* [PROBLEM]:
Everything in the records below must be repeated exactly, except the pictures.

* [RECORDED DATA]:

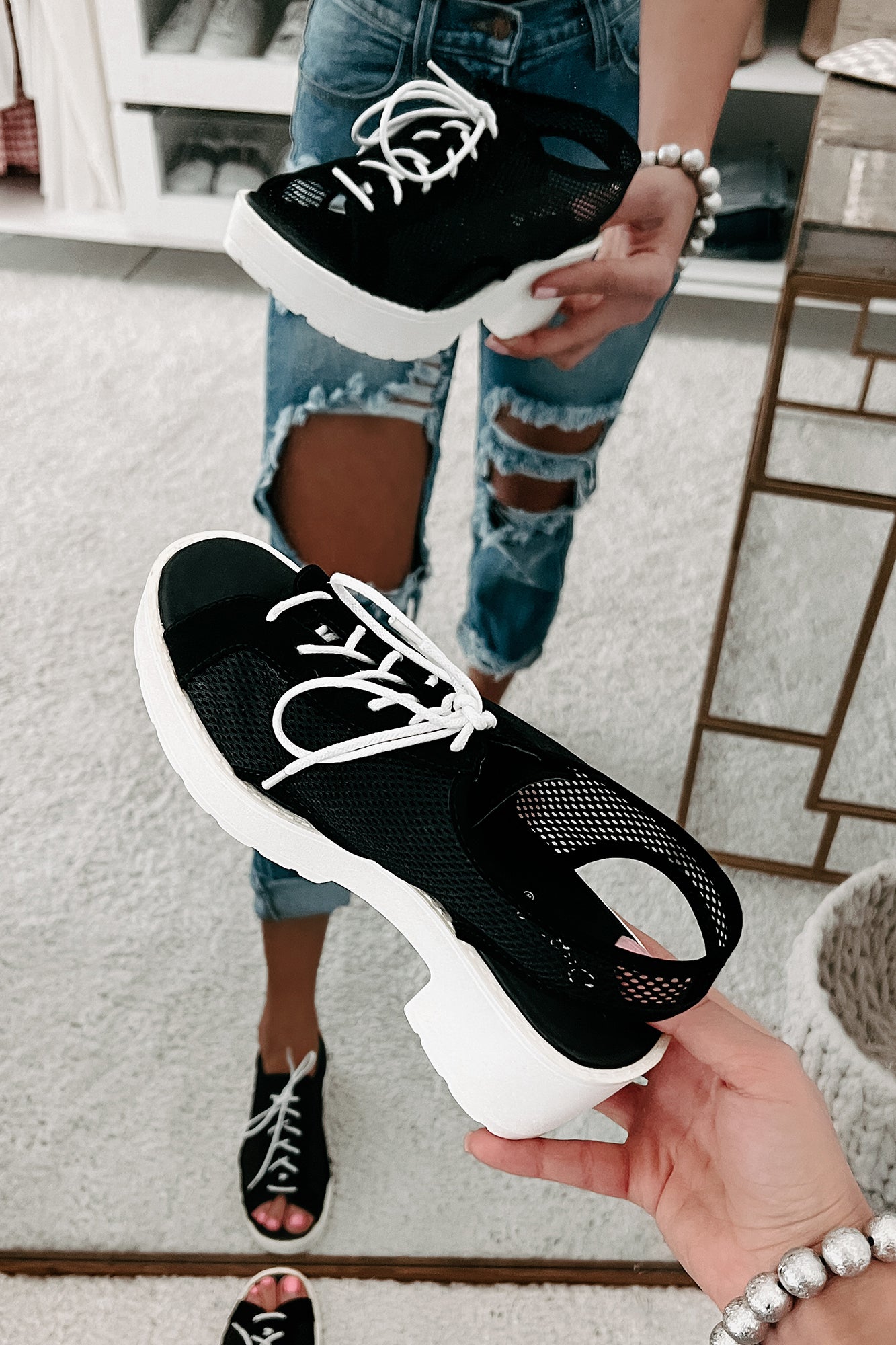 Stride in style with this one-of-a-kind, black slingback sandal! Its unique mesh material and lace-up design create a distinctive, summer look that's sure to turn heads. Plus the 1" platform sole and 2.5" heel gives you comfortable sophistication - perfect for any occasion!
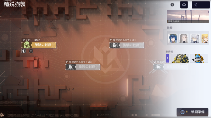作戦開始画面の左下からは、装備するバフを選択する事ができます。蟻穴の清掃や精鋭強襲では、編成しているキャラのおすすめを確認できるので、まずはおすすめを参考に配置していきましょう。
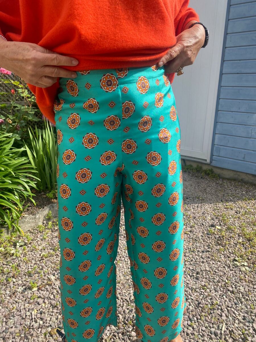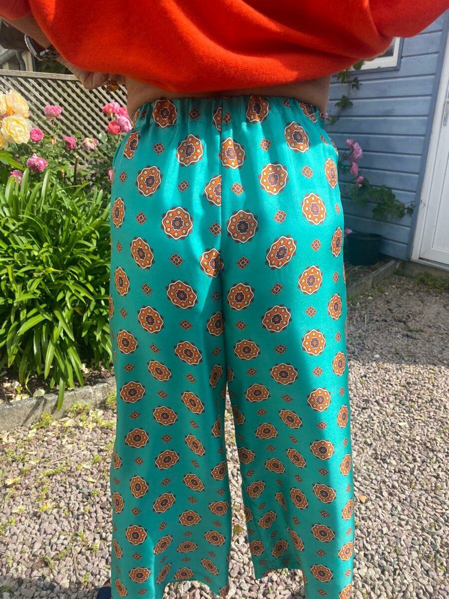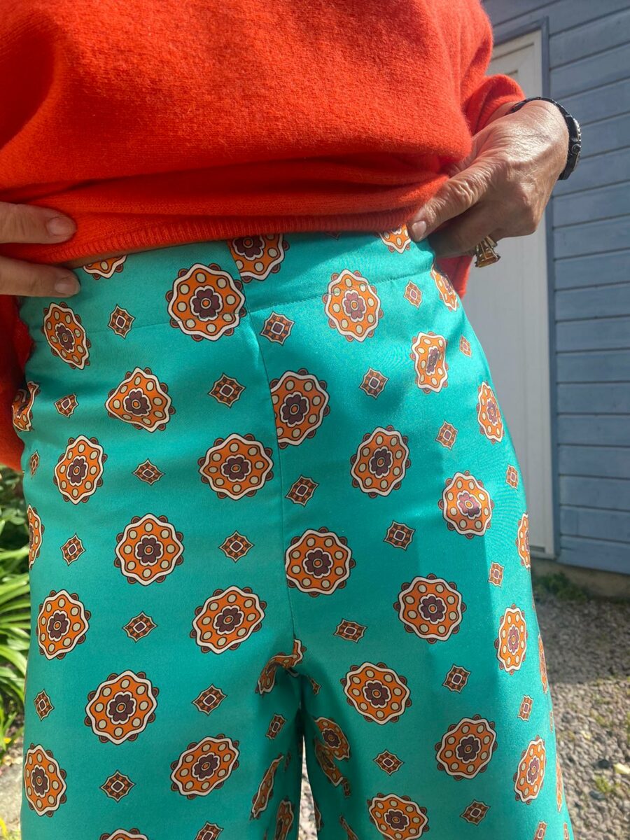PANTALON TURQUOISE MOTIFS ORANGE / Entretien PROGRAMME LAINE / 100% SOIE
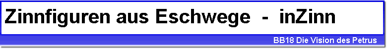 BB18 "Die Vision des Petrus" Die Figurengruppe BB18 wurde einseitig von Daniel Lepeltier nach Zeichnung von Sascha Lunyakov graviert (Größe 133 x 110 mm). Bemalung Philippe Fourquet. BB19+20 "Er ist auferstanden !" Bibel inZinn Die Vision des Petrus In Cäsarea lebte damals ein römischer Hauptmann, der Kornelius hieß und das Italienische Regiment führte. Er war ein Mann, der Gott ehrte und sich mit allen, die in seinem Haus lebten, zu ihm bekannte. Er tat viel für die Armen und betete regelmäßig zu Gott. Dieser Mann hatte gegen drei Uhr nachmittags eine Vision. Er sah deutlich, wie ein Engel Gottes bei ihm eintrat. "Kornelius!", rief der Engel. Erschrocken sah Kornelius auf und fragte: "Was willst du, Herr?" Da antwortete ihm der Engel: "Gott hat deine Gebete gehört und kennt deine guten Taten. Deshalb schick ein paar Leute nach Joppe. Sie sollen sich dort nach einem Simon Petrus erkundigen, der am Meer im Haus des Gerbers Simon wohnt. Dieser Simon Petrus soll zu dir kommen!" Gleich nachdem der Engel gegangen war, rief Kornelius zwei seiner Diener zu sich, außerdem einen Soldaten, der wie Kornelius dem jüdischen Glauben nahe stand und zu seinem persönlichen Schutz eingesetzt war. Ihnen berichtete er alles und sandte sie nach Joppe. Petrus hat eine Vision Als sich die Boten am folgenden Tag schon der Stadt Joppe näherten, stieg Petrus auf das flache Dach des Hauses, um dort ungestört zu beten. Es war gerade um die Mittagszeit, und Petrus hatte Hunger. Während man sein Essen zubereitete, hatte er eine Vision: Petrus sah etwas vom Himmel herabkommen. Es sah aus wie ein großes Leinentuch, das - an seinen vier Ecken zusammengehalten - auf die Erde heruntergelassen wurde. In dem Tuch waren alle möglichen Arten von vierfüßigen Tieren und Kriechtieren, aber auch von Vögeln. Alle diese Tiere sind für Juden "unrein" und dürfen deshalb nicht gegessen werden. (siehe unten - 3. Mose 11, 1-47) Dann hörte Petrus eine Stimme, die ihn aufforderte: "Petrus, steh auf, schlachte diese Tiere und iss davon!" "Niemals, Herr!", entgegnete Petrus. "Noch nie in meinem Leben habe ich etwas Unreines oder Verbotenes gegessen." Da rief die Stimme zum zweiten Mal: "Wenn Gott etwas für rein erklärt, dann nenne du es nicht unrein." Das geschah dreimal. Dann wurde das Tuch wieder in den Himmel gehoben. Petrus verstand nicht, was diese Erscheinung bedeuten sollte. Aber während er noch überlegte, klopften die Boten des Kornelius an die Haustür. "Wohnt hier ein Mann, der Simon Petrus heißt?", erkundigten sie sich. Petrus dachte noch immer über die Vision nach, als der Heilige Geist zu ihm sprach: "Es sind drei Männer zu dir gekommen. Geh hinunter und reise mit ihnen. Du brauchst keine Bedenken zu haben, denn ich habe sie gesandt." Petrus ging hinunter. "Ich bin der, den ihr sucht", sagte er. "Warum seid ihr hierher gekommen?" Sie erwiderten: "Der Hauptmann Kornelius schickt uns. Er ist ein guter Mann, der Gott ehrt und von allen Juden hoch geachtet wird. Durch einen heiligen Engel erhielt er von Gott den Auftrag, dich in sein Haus einzuladen und darauf zu hören, was du ihm zu sagen hast." Petrus ließ die Männer in das Haus eintreten, und sie übernachteten dort. Bereits am nächsten Tag aber ging er mit ihnen nach Cäsarea, wobei ihn einige aus der Gemeinde von Joppe begleiteten. Als sie am folgenden Tag dort ankamen, wurden sie schon von Kornelius erwartet. Alle seine Verwandten und Freunde waren bei ihm. Noch bevor Petrus das Haus betreten hatte, kam ihm Kornelius entgegen und fiel ehrerbietig vor ihm auf die Knie. Doch Petrus wehrte ab: "Steh auf, ich bin auch nur ein Mensch!", und half ihm wieder auf. Während sie noch miteinander redeten, betraten sie das Haus. Petrus sah die vielen Menschen, die auf ihn warteten. "Ihr wisst ebenso wie ich", begann er, "dass es einem Juden streng verboten ist, in das Haus eines Nichtjuden zu gehen oder sich auch nur mit ihm zu treffen. Aber Gott hat mir gezeigt: Ich darf keinen Menschen für unrein halten und ihm darum die Gemeinschaft verweigern. Deshalb bin ich auch gleich zu euch gekommen, als ihr mich gerufen habt. Aber was wollt ihr nun von mir?" Kornelius antwortete: "Vor vier Tagen betete ich nachmittags in meinem Haus. Es war drei Uhr, ungefähr dieselbe Zeit wie heute. Da stand plötzlich ein Mann in einem leuchtenden Gewand vor mir und sagte: 'Kornelius, Gott hat deine Gebete gehört. Er weiß, wie oft du den Armen geholfen hast. Deshalb beauftragt er dich, Leute nach Joppe zu schicken, die Simon Petrus zu dir bringen sollen. Er wohnt am Meer im Haus des Gerbers Simon. Ich habe meine Boten sofort zu dir geschickt, und ich freue mich, dass du gekommen bist. Nun sind wir alle hier in Gottes Gegenwart versammelt und wollen hören, was du uns im Auftrag des Herrn zu sagen hast." Gott liebt jeden Menschen Da begann Petrus zu sprechen: "Jetzt erst habe ich richtig verstanden, dass Gott niemanden wegen seiner Herkunft bevorzugt oder benachteiligt. Alle Menschen sind ihm willkommen, ganz gleich, aus welchem Volk sie stammen, wenn sie nur Ehrfurcht vor ihm haben und so leben, wie es ihm gefällt. Ihr kennt die Friedensbotschaft Gottes, die er dem Volk Israel durch Jesus Christus mitgeteilt hat, und er ist ja der Herr über alle. Ihr wisst auch, was in Judäa geschehen ist, nachdem Johannes der Täufer die Menschen in Galiläa dazu aufgerufen hatte, zu Gott umzukehren und sich taufen zu lassen. Jesus aus Nazareth ist von Ort zu Ort gezogen. Er hat überall Gutes getan und alle befreit, die der Teufel gefangen hielt, denn Gott selbst hatte ihm seine Macht und den Heiligen Geist gegeben. Gott stand ihm bei. Wir Apostel sind Augenzeugen für alles, was er in Israel und in Jerusalem unter den Juden getan hat. Diesen Jesus haben sie an das Kreuz genagelt und getötet. Aber schon drei Tage später hat Gott ihn wieder zum Leben erweckt. Danach ist er als Auferstandener erschienen, zwar nicht dem ganzen Volk, aber uns, seinen Jüngern, die Gott als Zeugen best
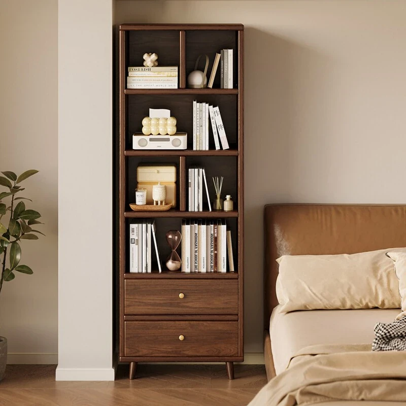Solid Wood Floor Bookshelf - Dustproof Storage Cabinet with Acrylic Doors, Narrow Organizer for Home Use, Perfect for Kids' Rooms
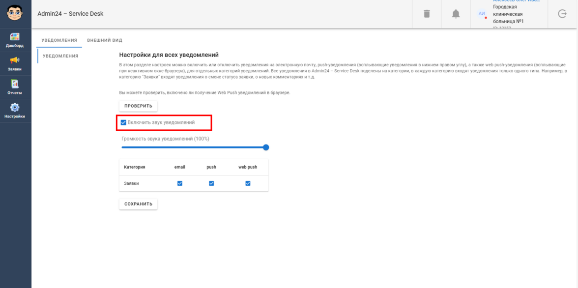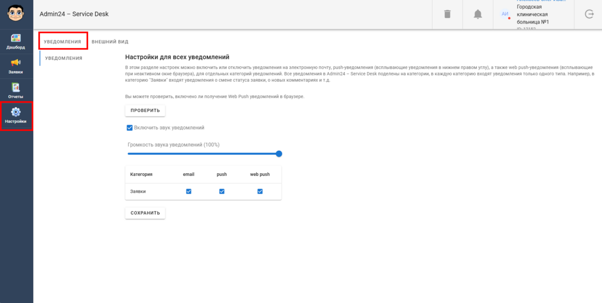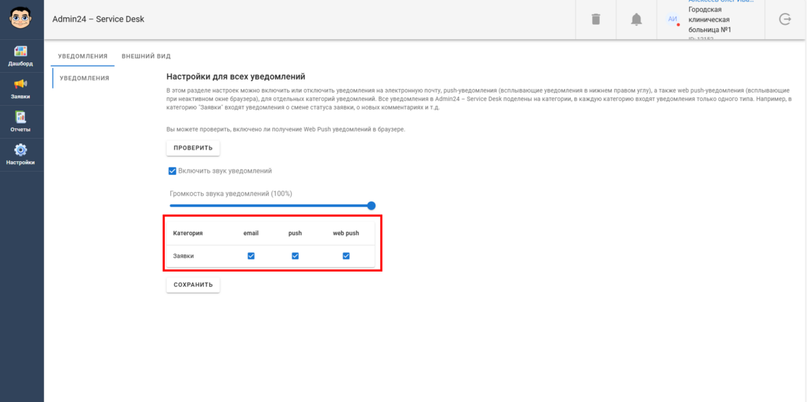 На данный момент в личном кабинете клиента доступна настройка только одной категории уведомлений — по заявкам. В категорию «Заявки» входят уведомления о смене статуса заявки, о новых комментариях и т.д.

* [ANSWER SECTION]:
 Stride in style with this one-of-a-kind, black slingback sandal! Its unique mesh material and lace-up design create a distinctive, summer look that's sure to turn heads. Plus the 1" platform sole and 2.5" heel gives you comfortable sophistication - perfect for any occasion!
作戦開始画面の左下からは、装備するバフを選択する事ができます。蟻穴の清掃や精鋭強襲では、編成しているキャラのおすすめを確認できるので、まずはおすすめを参考に配置していきましょう。
PANTALON TURQUOISE MOTIFS ORANGE / Entretien PROGRAMME LAINE / 100% SOIE
 BB18 "Die Vision des Petrus" Die Figurengruppe BB18 wurde einseitig von Daniel Lepeltier nach Zeichnung von Sascha Lunyakov graviert (Größe 133 x 110 mm). Bemalung Philippe Fourquet. BB19+20 "Er ist auferstanden !" Bibel inZinn Die Vision des Petrus In Cäsarea lebte damals ein römischer Hauptmann, der Kornelius hieß und das Italienische Regiment führte. Er war ein Mann, der Gott ehrte und sich mit allen, die in seinem Haus lebten, zu ihm bekannte. Er tat viel für die Armen und betete regelmäßig zu Gott. Dieser Mann hatte gegen drei Uhr nachmittags eine Vision. Er sah deutlich, wie ein Engel Gottes bei ihm eintrat. "Kornelius!", rief der Engel. Erschrocken sah Kornelius auf und fragte: "Was willst du, Herr?" Da antwortete ihm der Engel: "Gott hat deine Gebete gehört und kennt deine guten Taten. Deshalb schick ein paar Leute nach Joppe. Sie sollen sich dort nach einem Simon Petrus erkundigen, der am Meer im Haus des Gerbers Simon wohnt. Dieser Simon Petrus soll zu dir kommen!" Gleich nachdem der Engel gegangen war, rief Kornelius zwei seiner Diener zu sich, außerdem einen Soldaten, der wie Kornelius dem jüdischen Glauben nahe stand und zu seinem persönlichen Schutz eingesetzt war. Ihnen berichtete er alles und sandte sie nach Joppe. Petrus hat eine Vision Als sich die Boten am folgenden Tag schon der Stadt Joppe näherten, stieg Petrus auf das flache Dach des Hauses, um dort ungestört zu beten. Es war gerade um die Mittagszeit, und Petrus hatte Hunger. Während man sein Essen zubereitete, hatte er eine Vision: Petrus sah etwas vom Himmel herabkommen. Es sah aus wie ein großes Leinentuch, das - an seinen vier Ecken zusammengehalten - auf die Erde heruntergelassen wurde. In dem Tuch waren alle möglichen Arten von vierfüßigen Tieren und Kriechtieren, aber auch von Vögeln. Alle diese Tiere sind für Juden "unrein" und dürfen deshalb nicht gegessen werden. (siehe unten - 3. Mose 11, 1-47) Dann hörte Petrus eine Stimme, die ihn aufforderte: "Petrus, steh auf, schlachte diese Tiere und iss davon!" "Niemals, Herr!", entgegnete Petrus. "Noch nie in meinem Leben habe ich etwas Unreines oder Verbotenes gegessen." Da rief die Stimme zum zweiten Mal: "Wenn Gott etwas für rein erklärt, dann nenne du es nicht unrein." Das geschah dreimal. Dann wurde das Tuch wieder in den Himmel gehoben. Petrus verstand nicht, was diese Erscheinung bedeuten sollte. Aber während er noch überlegte, klopften die Boten des Kornelius an die Haustür. "Wohnt hier ein Mann, der Simon Petrus heißt?", erkundigten sie sich. Petrus dachte noch immer über die Vision nach, als der Heilige Geist zu ihm sprach: "Es sind drei Männer zu dir gekommen. Geh hinunter und reise mit ihnen. Du brauchst keine Bedenken zu haben, denn ich habe sie gesandt." Petrus ging hinunter. "Ich bin der, den ihr sucht", sagte er. "Warum seid ihr hierher gekommen?" Sie erwiderten: "Der Hauptmann Kornelius schickt uns. Er ist ein guter Mann, der Gott ehrt und von allen Juden hoch geachtet wird. Durch einen heiligen Engel erhielt er von Gott den Auftrag, dich in sein Haus einzuladen und darauf zu hören, was du ihm zu sagen hast." Petrus ließ die Männer in das Haus eintreten, und sie übernachteten dort. Bereits am nächsten Tag aber ging er mit ihnen nach Cäsarea, wobei ihn einige aus der Gemeinde von Joppe begleiteten. Als sie am folgenden Tag dort ankamen, wurden sie schon von Kornelius erwartet. Alle seine Verwandten und Freunde waren bei ihm. Noch bevor Petrus das Haus betreten hatte, kam ihm Kornelius entgegen und fiel ehrerbietig vor ihm auf die Knie. Doch Petrus wehrte ab: "Steh auf, ich bin auch nur ein Mensch!", und half ihm wieder auf. Während sie noch miteinander redeten, betraten sie das Haus. Petrus sah die vielen Menschen, die auf ihn warteten. "Ihr wisst ebenso wie ich", begann er, "dass es einem Juden streng verboten ist, in das Haus eines Nichtjuden zu gehen oder sich auch nur mit ihm zu treffen. Aber Gott hat mir gezeigt: Ich darf keinen Menschen für unrein halten und ihm darum die Gemeinschaft verweigern. Deshalb bin ich auch gleich zu euch gekommen, als ihr mich gerufen habt. Aber was wollt ihr nun von mir?" Kornelius antwortete: "Vor vier Tagen betete ich nachmittags in meinem Haus. Es war drei Uhr, ungefähr dieselbe Zeit wie heute. Da stand plötzlich ein Mann in einem leuchtenden Gewand vor mir und sagte: 'Kornelius, Gott hat deine Gebete gehört. Er weiß, wie oft du den Armen geholfen hast. Deshalb beauftragt er dich, Leute nach Joppe zu schicken, die Simon Petrus zu dir bringen sollen. Er wohnt am Meer im Haus des Gerbers Simon. Ich habe meine Boten sofort zu dir geschickt, und ich freue mich, dass du gekommen bist. Nun sind wir alle hier in Gottes Gegenwart versammelt und wollen hören, was du uns im Auftrag des Herrn zu sagen hast." Gott liebt jeden Menschen Da begann Petrus zu sprechen: "Jetzt erst habe ich richtig verstanden, dass Gott niemanden wegen seiner Herkunft bevorzugt oder benachteiligt. Alle Menschen sind ihm willkommen, ganz gleich, aus welchem Volk sie stammen, wenn sie nur Ehrfurcht vor ihm haben und so leben, wie es ihm gefällt. Ihr kennt die Friedensbotschaft Gottes, die er dem Volk Israel durch Jesus Christus mitgeteilt hat, und er ist ja der Herr über alle. Ihr wisst auch, was in Judäa geschehen ist, nachdem Johannes der Täufer die Menschen in Galiläa dazu aufgerufen hatte, zu Gott umzukehren und sich taufen zu lassen. Jesus aus Nazareth ist von Ort zu Ort gezogen. Er hat überall Gutes getan und alle befreit, die der Teufel gefangen hielt, denn Gott selbst hatte ihm seine Macht und den Heiligen Geist gegeben. Gott stand ihm bei. Wir Apostel sind Augenzeugen für alles, was er in Israel und in Jerusalem unter den Juden getan hat. Diesen Jesus haben sie an das Kreuz genagelt und getötet. Aber schon drei Tage später hat Gott ihn wieder zum Leben erweckt. Danach ist er als Auferstandener erschienen, zwar nicht dem ganzen Volk, aber uns, seinen Jüngern, die Gott als Zeugen best
Solid Wood Floor Bookshelf - Dustproof Storage Cabinet with Acrylic Doors, Narrow Organizer for Home Use, Perfect for Kids' Rooms
 На данный момент в личном кабинете клиента доступна настройка только одной категории уведомлений — по заявкам. В категорию «Заявки» входят уведомления о смене статуса заявки, о новых комментариях и т.д.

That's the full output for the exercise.